What we're reading, May 4, 2016: heart disease risk calculator has led to overtreatment; healthcare price transparency tool actually increased spending for those who used it; and Martin Shkreli may be facing additional charges.
A recently updated formula for calculating the risk of heart problems has led to unnecessary treatments. TIME reported that the formula loosened the criteria for putting people on medications and overestimates the risk of heart trouble up to 5 or 6 times. Researchers found that the formula has led to an overtreatment of people whose risk is actually lower than predicted and who may not need to be treated with statins.
The use of a price transparency tool at 2 large employers has provided the wrong outcome. Not only did employees barely use the tools—which allowed patients to shop around and save on healthcare costs—but access to price information actually had higher spending, reported The Washington Post. People with access to the tool spent $59 more. However, researchers did note that of people who were using the tool about half searched for procedures that cost more than their deductibles.
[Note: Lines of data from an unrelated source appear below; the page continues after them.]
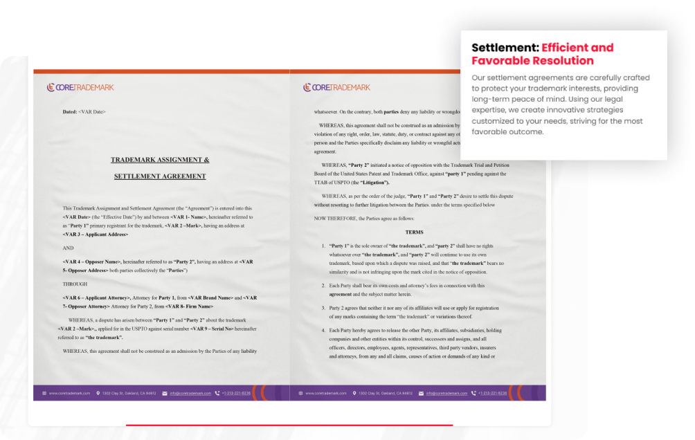 - Settlement Agreements for efficient and favorable resolution of trademark disputes.
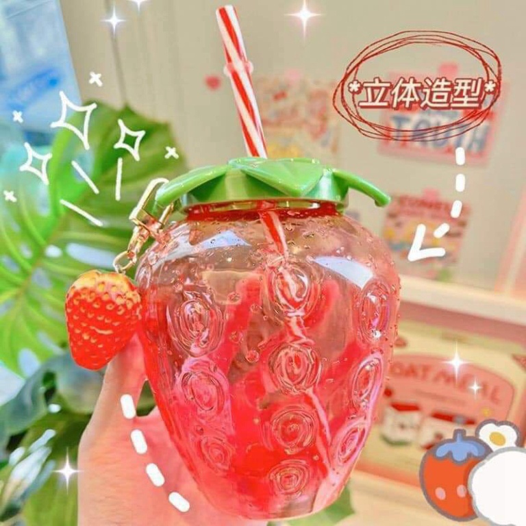 🍀Bình nước dâu tây siu cute, được tặng kèm ống hút, cả móc treo hình quả dâu siêu siêu đẹp lunnnnn
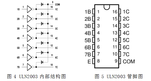 驱动模块我们使用集成驱动芯片ULN2003,给芯片是高耐压、大电流达林顿管由七个硅NPN 达林顿管组成。该电路的特点如下:ULN2003 的每一对达林顿都串联一个2.7K 的基极电阻,在5V 的工作电压下它能与TTL 和CMOS 电路直接相连,可以直接处理原先需要标准逻辑缓冲器来处理的数据。ULN2003 工作电压高,工作电流大,灌电流可达500mA,并且能够在关态时承受50V 的电压,输出还可以在高负载电流并行运行。1脚输入,16脚输出,你的负载接在VCC与16脚之间,不用9脚。
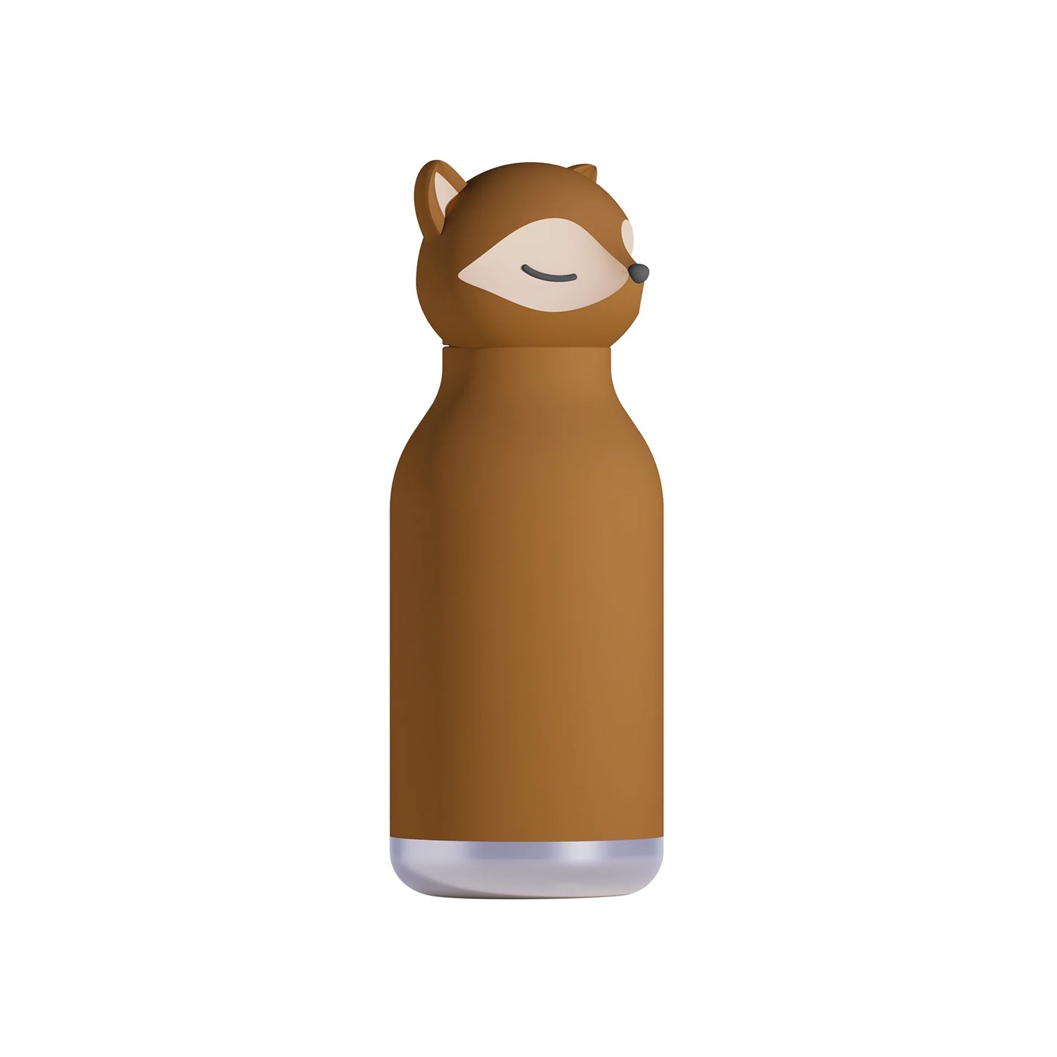 Questa borraccia in acciaio inox presenta un tappo-testa dal design a forma di tenera volpina.
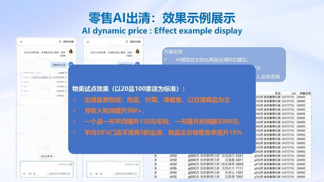 生鲜商品AI出清以20品100家店为标准;按额预估,月收入提升9w+,一天提升利润额3000+元;按率预估,平均20%门店不用再5折出清,商品正价销售率提升10%;每日鲜促销费用减少15%;综合可以将生鲜损耗率控制在3%,保持商品有货率达到98%。
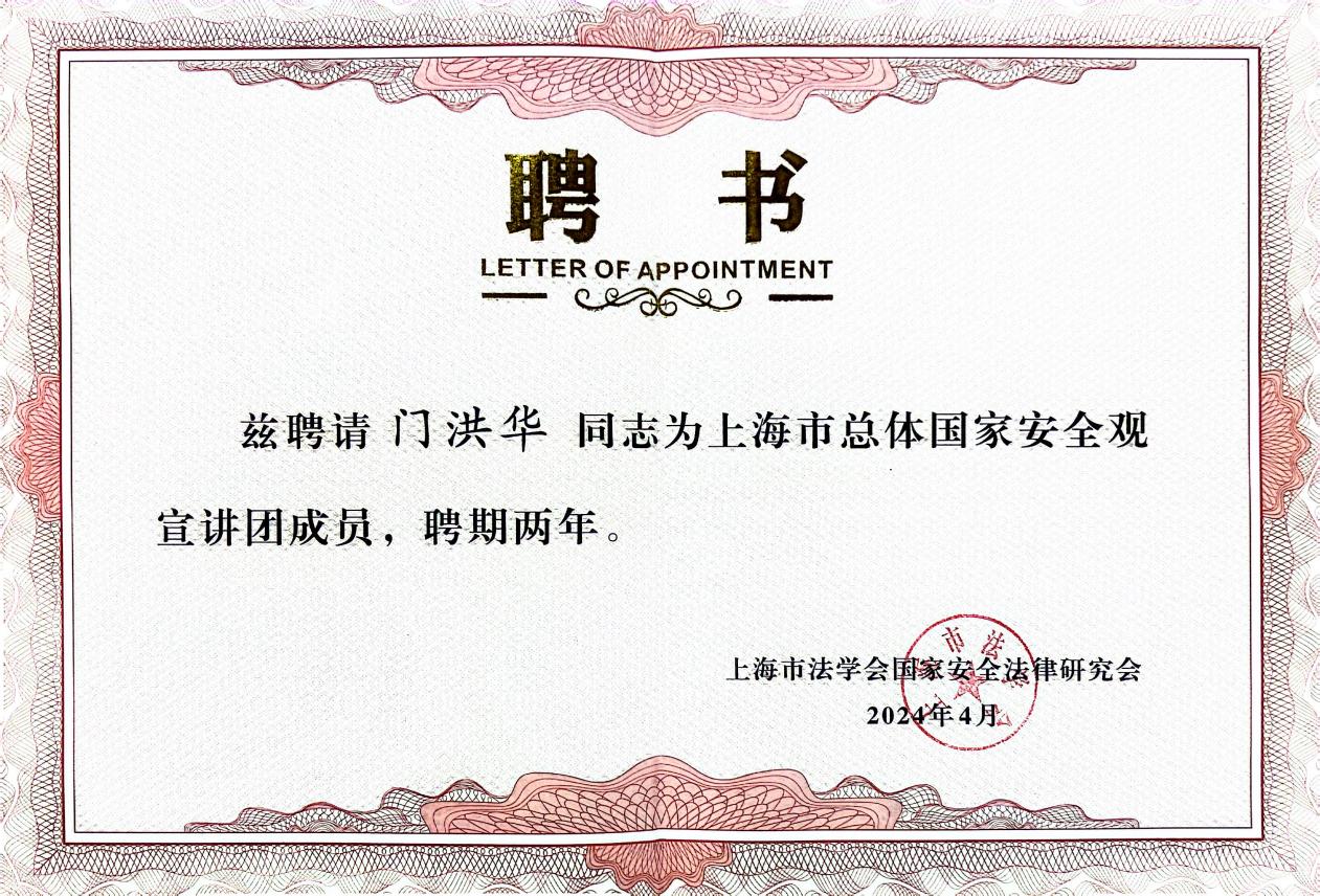 2024年4月,教育部长江学者特聘教授、yl6809永利官网集团中国战略研究院/yl6809永利集团院长、教育部哲学社会科学重大课题攻关项目“国家安全战略研究”首席专家门洪华教授受聘为上海市总体国家安全观宣讲团成员。
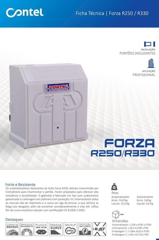 Automatizador Contel Deslizante Linha Forza C500 - Disponível Também na Linha RJET Ultra-Rápida
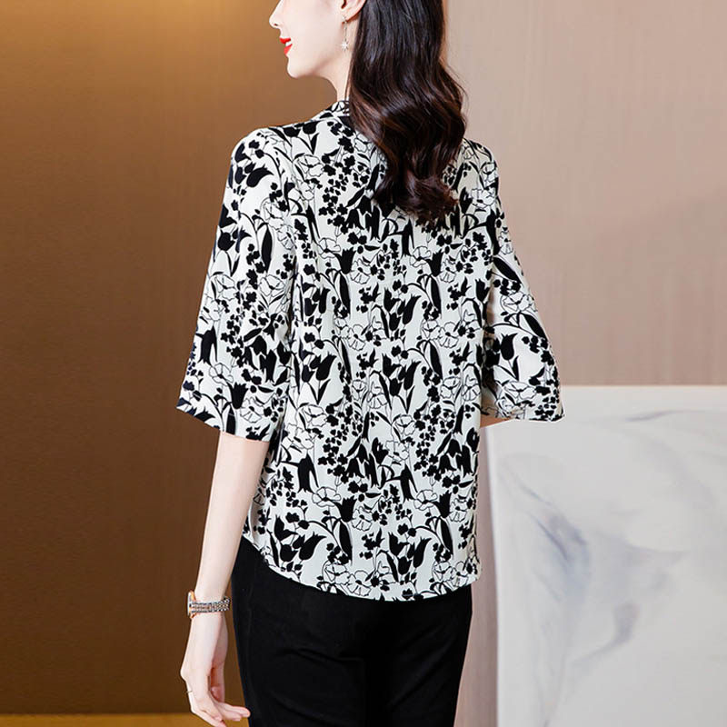 Шелковая модная летняя одежда, рубашка, цветочный принт, коллекция 2023, свободный крой
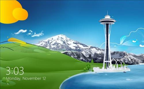 Ci-dessus, on peut voir que Windows démarre sur un écran de verrouillage. C'est la première version de bureau à en faire usage. J'ai pris cette capture d'écran sur un site Internet, puisque je n'arrive pas à faire de capture écran quand une session n'est pas encore ouverte. Désolé pour les ayants droit de cette magnifique image, s'ils trouvent que j'ai été méchant de prendre leur copie. Cet arrière-plan est celui par défaut sur toute copie vanilla de Windows 8.
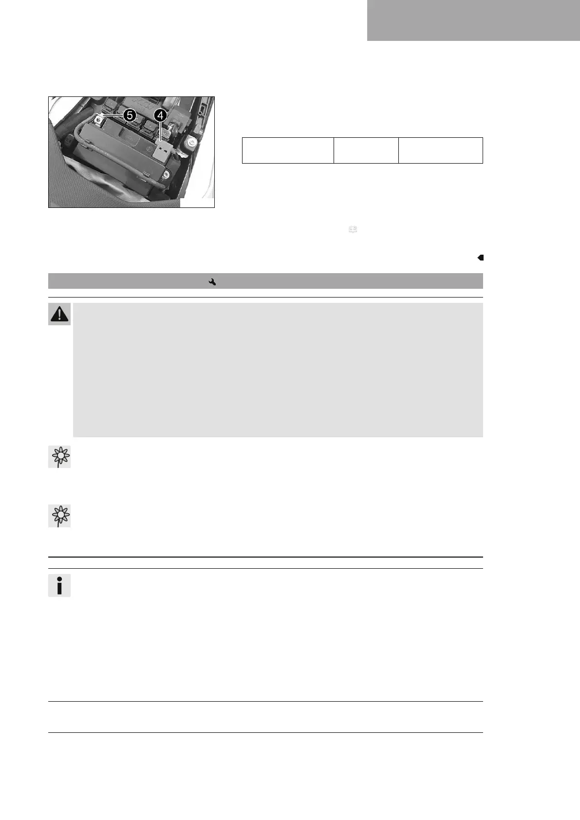 Environmental hazard 12 V batteries contain environmentally hazardous materials.
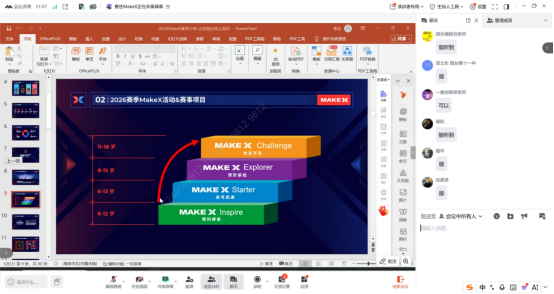 本次培训围绕MakeX挑战赛、TAI智能车实践赛、智驾竞速无人车挑战赛、AI创无界及Super AI五大竞赛项目,采用腾讯会议线上直播形式分两天进行。主讲老师对每个项目的场地规格、任务要求、评分标准、违规判定等核心规则进行了逐条深度解读,并结合实际案例,系统剖析了机械结构设计、传感器应用、程序编写及团队协作策略等技术难点。

As a result they had less of a motivation to make thrifty decisions.
Martin Shkreli may be facing more charges in his securities fraud case. The former CEO of Turing Pharmaceuticals is already charged with defrauding investors in hedge funds and another company he ran, Retrophin, but could also face charges related to the distribution of Retrophin stock and a private placement deal, according to Bloomberg. Shkreli has asked a judge to wait before setting a trial date as his defense lawyers wait to see any new allegations. He is currently scheduled to appear in court on June 6.